[Problem description] A partial copy is required: transcribe exactly the lines from the one containing "画像は、イメージです。" through the last line below, without any pictures.

#### Data records

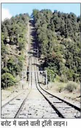
बरोट में चलने वाली ट्रैली लाइन।

अभिषेक, जोगिंदरनगर जोगिंदरनगर से करीब 39 किलोमीटर दूर बरोट घाटी में पर्यटकों की आमद बढ़ने से कारोबार को फिर से पंख लग गए हैं। उतर भारत में गर्मी बढ़ते ही पंजाब, हरियाणा, दिल्ली और राजस्थान के पर्यटकों की चहलकदमी बढ़ी है, पर जाम के कारण पर्यटकों को जाम का सामना करना पड़ रहा है। इससे यहां के होटल, रेस्तरां और काफ़्ट शैली के होम स्टे संचालकों की भी आमदनी में इजाफा हुआ है। रविवार को मंडी-कांगड़ा सीमा से बरोट वैली
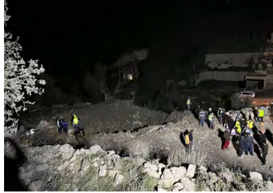
תקיפה בח'רבת סלם (חשבון X של אלאח'באר, 9 במרץ 2024)
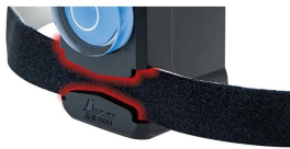
画像は、イメージです。
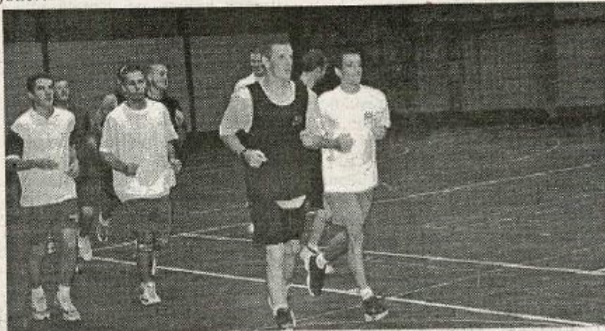
Les basketteurs guingampais ont repris l'entraînement vendredi au hall Dulac.

########

[The completed task]
画像は、イメージです。
Les basketteurs guingampais ont repris l'entraînement vendredi au hall Dulac.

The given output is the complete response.